Parallel Architecture

  • fork() gives each worker its own copy of all mutable ff_poly globals via COW — zero changes to the finite field library
  • Atomic work queue (__sync_fetch_and_add) dynamically balances load across workers — no static chunking
  • Shared memory (mmap MAP_SHARED) accumulators — zero disk I/O
  • Single ecrt_init in the parent before fork — workers inherit via COW, no redundant CRT precomputation
  • Per-prime work (find j-invariant, enumerate roots, build polynomial) done once, then ecrt_update called per P value

Benchmark Results (15 cores, cross-validated against known-good cached coefficients)
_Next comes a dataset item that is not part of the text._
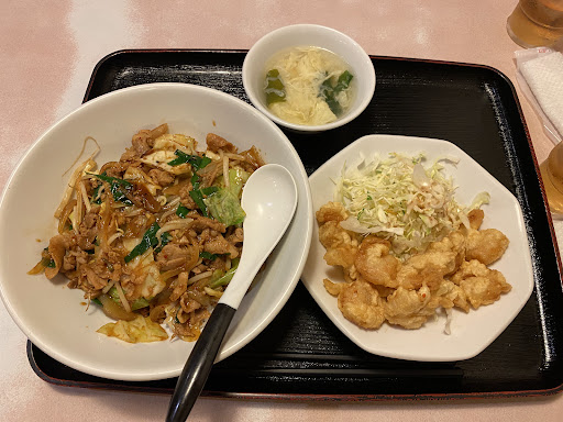 回鍋肉丼が人気とのことで、回鍋肉丼とエビ天のセットとチャーシューメンと炒飯と唐揚げのセットを注文。

D h(D) CRT primes Serial Parallel (15-core) Speedup All checks
-167995 57 222 0.1s 9ms 13.9x 6/6 OK
-7857907 293 1,103 3.5s 19ms 183.1x 6/6 OK
-4059339 389 1,333 2.5s 27ms 90.9x 6/6 OK
-14141835 589 1,978 10.6s 28ms 376.9x 6/6 OK
-54558307 781 2,964 26.2s 57ms 460.0x 6/6 OK
-137469067 1,198 4,399 65.6s 76ms 862.9x 6/6 OK
-64752003 1,397 4,563 41.9s 65ms 644.4x 6/6 OK
-268755307 1,677 6,161 2.1m 91ms 1,405x 6/6 OK
-92169307 1,868 5,764 46.1s 77ms 599x 6/6 OK
-261756723 2,237 7,910 2.9m 133ms 1,318x 6/6 OK
-289977907 2,405 7,790 2.7m 161ms 989x 6/6 OK
-471122787 2,749 9,973 6.6m 182ms 2,181x 6/6 OK
-309744003 3,369 10,756 3.9m 138ms 1,678x 6/6 OK
-947098723 3,531 12,390 8.1m 183ms 2,661x 6/6 OK
-367827107 4,695 14,428 5.4m 228ms 1,434x 6/6 OK
-895993939 4,883 16,030 8.0m 232ms 2,076x 6/6 OK
-692013211 5,215 15,993 7.1m 332ms 1,280x 6/6 OK
-500038611 5,425 16,493 7.6m 249ms 1,825x 6/6 OK
-1354169499 6,369 21,250 17.0m 430ms 2,374x 6/6 OK
-972154635 6,649 20,313 21.7m 351ms 3,708x 6/6 OK

Cross-validation: each discriminant verified 6 ways (serial vs cache P1, serial vs cache P2, parallel vs cache P1, parallel vs cache P2, serial vs parallel P1, serial vs parallel P2). 120/120 passed.